Thanks for this post, Avi. Linked to it. Got me thinking about all my dour scots and wild adventurer ancestors not to mention New England Puritans and Southern planters. We Americans are all mongrels...Such a mix.

Nash said...

Geanealogy is the best history course I've ever taken. The internet makes finding ancestors and cousins easier than ever.

I summarize my family as 1600s - Puritans, 1700s - Patriots, 1800s - Capitalists, 1900s - Communists, pretty much the history of America.

Assistant Village Idiot said...

Nash - lol.

I would correct only to say that genealogy is the best corrective of history courses. We learn school history, and then the modern it's-all-oppressors history, but in both cases, the real people we discover something about, who we feel some identification with, didn't act the way they were reported to. We find many exceptions, good and bad, to the prevailing narratives.

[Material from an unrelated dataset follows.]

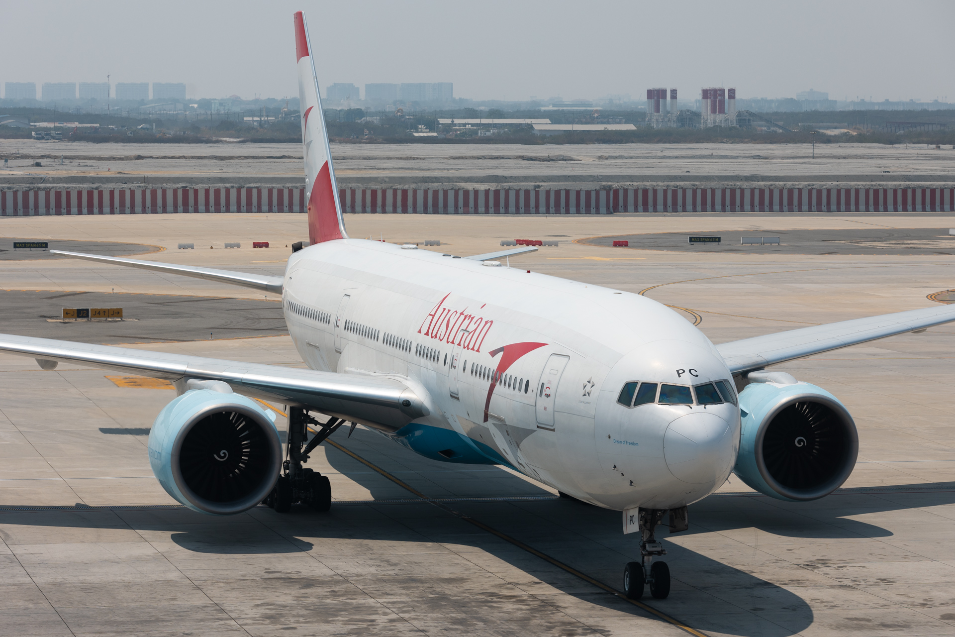 An Austrian Airlines Boeing 777-2Z9(ER), registered as OE-LPC taxiing to the gate

And this reminds us of the fierce limitations of historical narrative: the actual people and events don't fit them well. We like stories in order to store information. Reality is uncomfortably complicated and ambiguous instead.

Hmm. Post on this coming up...

Texan99 said...

There always seems to be someone in the family tree who was a dramatic bottleneck. My sister dug up news of an ancestor about eight generations back who was smuggled out of Uzes as a baby and made it safely to England while his protestant French family were mostly wiped out by the evil papists. Her husband's family owes its existence to a 19th-century ancestor who was too ill to join the rest of the family in a trek out west, where they were all killed in the Mountain Meadows massacre.